I just recently switched from ChatGPT to Claude. There are several guides about how to migrate as thoroughly as possible, and it was a bit of a time suck. I tried to transfer as much of my memory, projects, and custom prompts as possible, but I still have this lingering feeling that Claude doesn’t “know me as well.” ChatGPT knows me terrifyingly well.
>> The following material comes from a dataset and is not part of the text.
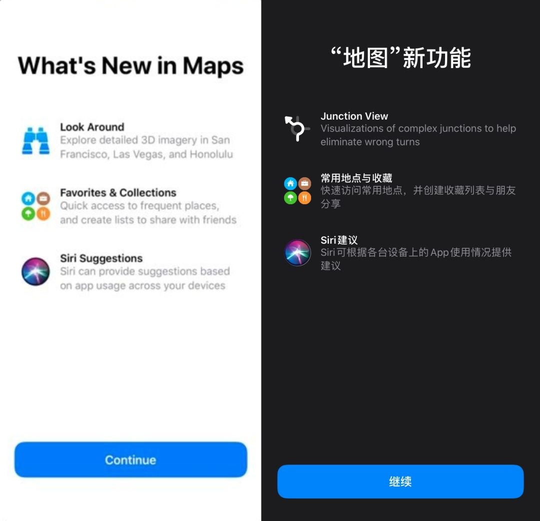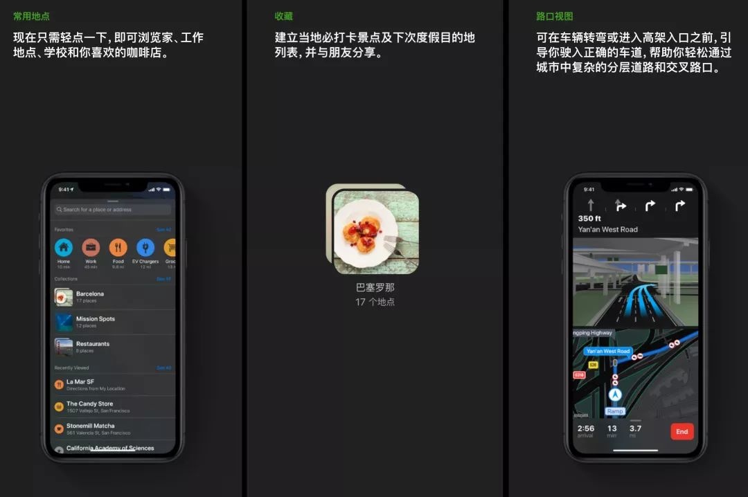 ▲苹果地图新增的路口视图、收藏等功能,图片来源:Apple

And I’d think that DuckDuckGo (which I admire greatly, though embarrassingly don’t use) has a natural tension between serving its privacy-minded users while competing with products trying to suck up all the data of their users. Right now, I use Comet as my AI browser, Claude as my chatbot, Granola for transcription, and Matter for reading and highlighting. My fantasy is a single product that integrates all four — essentially a browser — but I know that would come with privacy trade-offs.
We should be able to create memory-like features in a privacy-protecting way through on-device processing. You seem to be an early-adopter power-user (me too) and so you might not be satisfied since we'll be a bit behind with some of the latest features, but on the flip side I hope will better nail the UX when we launch them.